Para um tribunal aplicar o escrutínio estrito, o legislador/administrador deve ter aprovado lei ou decreto que infrinja um direito fundamental ou envolva uma discriminação contra um indivíduo ou classe de indivíduos envolvidos numa das "classificações suspeitas" (suspect classifications) elencadas pela Corte em decisões prévias. Estão entre as classificações suspeitas: discriminações de raça, de nacionalidade e de religião.
Abaixo desse escrutínio, há o teste constitucional de base racional (rational basis). Para passar neste teste, a lei ou ato administrativo deve atender um interesse estatal legítimo (legitimate interest), de menor relevância constitucional que os interesses essenciais, e deve haver uma conexão racional entre os objetivos destas normas e tal interesse. Este controle de constitucionalidade se aplica a casos que não envolvam direitos fundamentais, como os previstos no Bill of Rights ou alçados ao mesmo nível de importância pelo substantive due process. Também não podem envolver as tais classificações suspeitas.
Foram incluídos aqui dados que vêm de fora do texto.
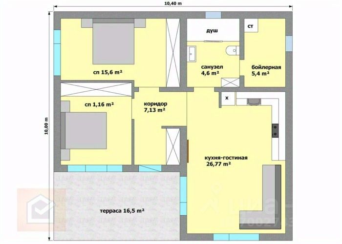 Характеристики: Размеры дома по фундаменту: 10*10,4м 2 комнаты, Кухня-гостиная, Санузел, Бойлерная, Прихожая, Терраса Фундамент: бетон м250 Материал стен: газоблок или ракушка* Колонны, армопояс,перемычки: бетон м250 Кровля: балки и стропила 150*50мм, профлист 0,45мм, утеплитель 150 мм минвата Внешняя отделка: утеплитель пенопласт 5 см, штукатурка ''короед'', покраска. Доступно 2 варианта планировки
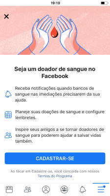 A ferramenta de Doação de Sangue do Facebook está disponível no Brasil desde maio de 2018. A ferramenta notifica aqueles que são cadastrados na rede social como doadores quando há bancos de sangue nas imediações precisando de doações, e até hoje estava disponível para 13 Hemocentros em 11 Estados.
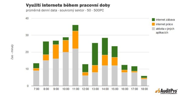 Pracovní morálka zaměstnanců sice pod vlivem tvrdších podmínek na trhu práce doznala v posledních dvou letech změn k lepšímu, ale stále ještě vykazuje rezervy. Je to patrné ze snímku pracovního času, který na základě výstupů nástroje na monitorování zaměstnanců AuditPro připravila technologická společnost TruconneXion. Ze sledování využití počítačů u dvou set českých firem v průběhu denní pracovní doby vyplývá, že nejnáchylnější ke zneužívání počítačů jsou zaměstnanci po návratu z oběda mezi 13. a 14. hodinou.
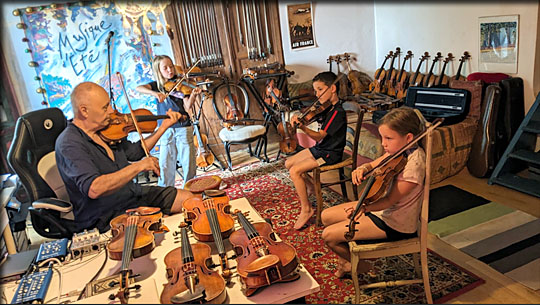 Actualisé le 25 septembre 2024 ![]() Décès de notre amie guitariste classique Valérie DUCHATEAU le 23 novembre 2024 Elle a été l'une des 2 ou 3 plus grandes guitaristes classique féminine du monde. Elle a été celle qui a remplacé Ida Presti après sa disparition dans le fameux duo Ida Presti Alexandre Lagoya, devenu le duo Valerie Duchateau - Alexandre Lagoya. Pour Violonis, plus tard, elle a joué avec Juan Carmona, L.Subramaniam et s'est consacré ensuite à des célèbres magazines consacrés à la guitare classique tout en continuant de mener sa carrière de concertiste. Guitariste classique et fingerstyle elle a enregistré 14 albums, donné plus de 1000 concerts, elle avait 11 ans lors du premier. En 2023 elle a enregistré un beau dernier album avec Antoine Tatichet et donné son dernier concert le 22 octobre 2023 à Narbonne . Elle a lutté contre la maladie avec un grand courage dans un combat acharné mené avec son compagnon Jean Jacques Voisin et son fils Romain. Elle nous laisse terrassés par la nouvelle de sa disparition, d'autant plus que nous ne savions pas qu'elle était atteinte d'une grave maladie. Très amie de Marcel Dadi décédé lors de l'explosion de son avion de retour en France après le décollage de New York le 17 juillet 1996, elle avait échappé miraculeusement à la mort, décidant au tout dernier moment de rester aux Etats Unis au lieu de voyager avec lui pour assister au concert de Juan Carmona, au grand festival de guitare de Nashville ou elle avait également joué au côté de Marcel Dadi. Aujourd'hui c'est Valérie que nous pleurons ! les obséques auront lieu le vendredi 29 novembre à 14h à l'église Notre Dame à Saint Mandé, 84 avenue du général De Gaulle. Elle sera inhumée au cimetière sud de Saint Mandé, 25 rue du général Archinard 75012 Paris . Une scène sera aménagée salle paroissiale face à l'église pour ses amis musiciens qui auront a coeur de jouer pour elle en l'accompagnant dans l'au delà. Courant décembre un hommage sera organisé pour ses amis catalans à CERET, ou elle a laissé tant d'empreintes. La date sera communiquée ultérieurement . Va dans la paix et l'amour, chère Valérie . ![]() ![]() JEAN LUC PONTY poursuit le remixage de ses albums en 2024 Sa production discographique qui a eu un succès retentissant dans le monde entier a influencé de très nombreux musiciens, pas seulement des violonistes ! Il reste un des deux ou trois musiciens Français les plus connus et reconnus dans le monde. ![]() Sur TARISIO Jean Luc Ponty vend 3 violons électriques qui ont contribué à sa célébrité mondiale 2 Barcus Berry: un 4 cordes / un 5 cordes et un Zeta ![]() ![]() ![]() MATHIAS LEVY Violoniste de jazz Français au talent hors du commun, doté d'une inventivité et d'une maitrise époustouflante, il est l'un des tous meilleurs au monde actuellement. En septembre 2024 il essaye un violon de Jean Baptiste Vuillaume propriété du centre Violonis Stéphane Grappelli. qu'il a trouvé extraordinaire détectant immédiatement ses qualités d'éclat et de projection. A droite, un Francesco Gobetti luthier Vénitien majeur du 18ème siècle et un Stefano Scarampella de 1910 luthier italien de Mantoue, très prisé par les violonistes. Les 2 ont également été essayés par Mathias. ![]() Cours de VIOLON au Centre Violonis Stéphane Grappelli Cours de Violon à l'année et en stages ![]()
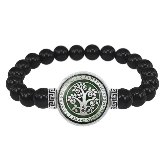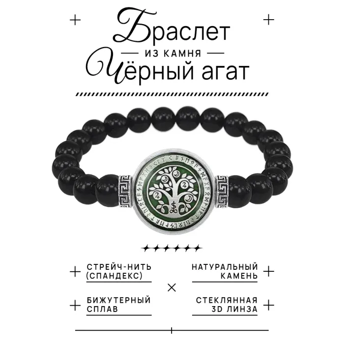 Стрейч-браслет из бусин чёрного агата с декоративным элементом под стеклянной линзой.
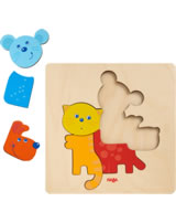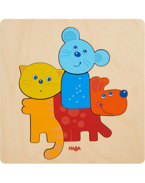 Hund, Katze, Maus: Kinder lieben Tiere und Haustiere können ganz besondere Freunde sein! Mit diesem Holzpuzzle können sie Hund, Katze und Maus Stück für Stück zusammensetzen. Das macht alleine oder gemeinsam viel Spaß und schult die Feinmotorik.
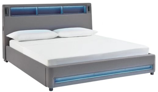 Snooze in style with this California king upholstered bed. It brings delightful function to winding down before bedtime, with an adjustable LED reading light on each side. And for added flair, multicolored ambient lighting brings an ultra-cool vibe to the overall look. Combining modern convenience with captivating design, this bed revamps your restful retreat like never before.Read More
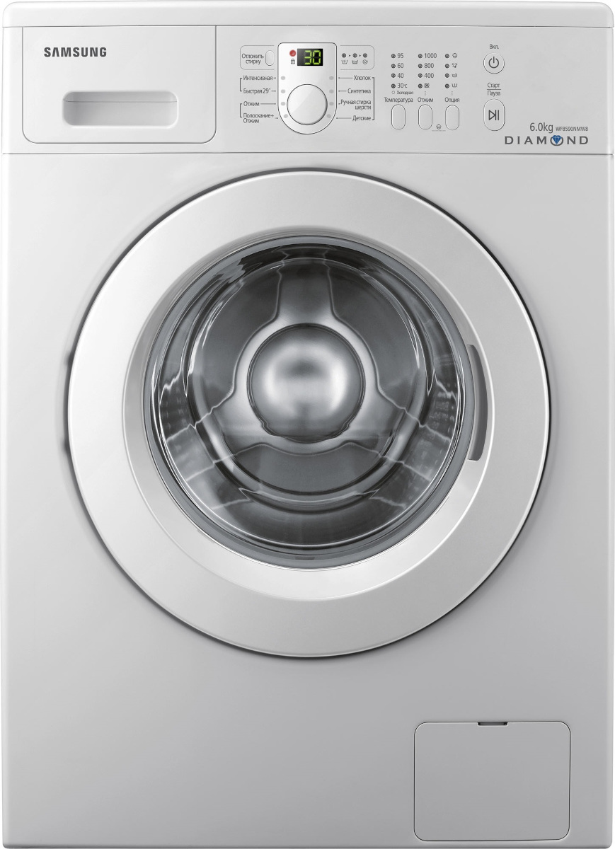 Цвет этой стиральной машинки — белый. В данной модели Samsung используется барабан Diamond.
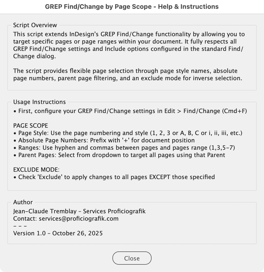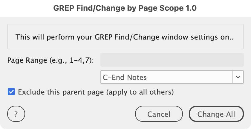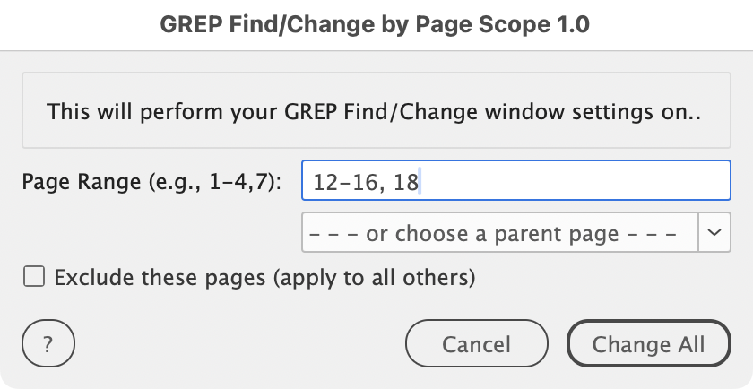 This InDesign script brings page-level precision to GREP Find/Change operations. While InDesign's native GREP works across entire documents, this tool lets you target specific pages, page ranges, or by parent pages. Simply configure your GREP patterns in the standard Find/Change dialog, then specify exactly where those changes should apply.

Basicamente, o que o recente caso Dobbs v. Jackson Women's Health Organization decidiu é que o direito à privacidade decisional quanto ao aborto não se insere nas categorias de direitos fundamentais, e, restrições à ele, não atingem uma classificação suspeita. Embora a Suprema Corte não tenha rejeitado completamente o conceito de substantive due process, ela não reconheceu mais categorias de "direitos fundamentais" que não estejam expressas no texto da Constituição ou em tradições históricas enraizadas (deeply rooted historical traditions). O Estatuto do Mississippi analisado no caso que provocou a reversão passou no escrutínio constitucional sob rational basis, sendo certo que sua inconstitucionalidade seria decretada sob o strict scrutiny.
No Brasil, a grave e socialmente relevante discussão do tratamento legal do aborto deve observar os acertos, e os erros, de democracias mais sedimentadas que a nossa, em um contraditório sadio, na sociedade, no Parlamento e no Judiciário. O vínculo dos interesses sociais e políticos envolvidos na sua abordagem pela Constituição deve ser levado em conta para não reforçar a existência de duas classes de mulheres.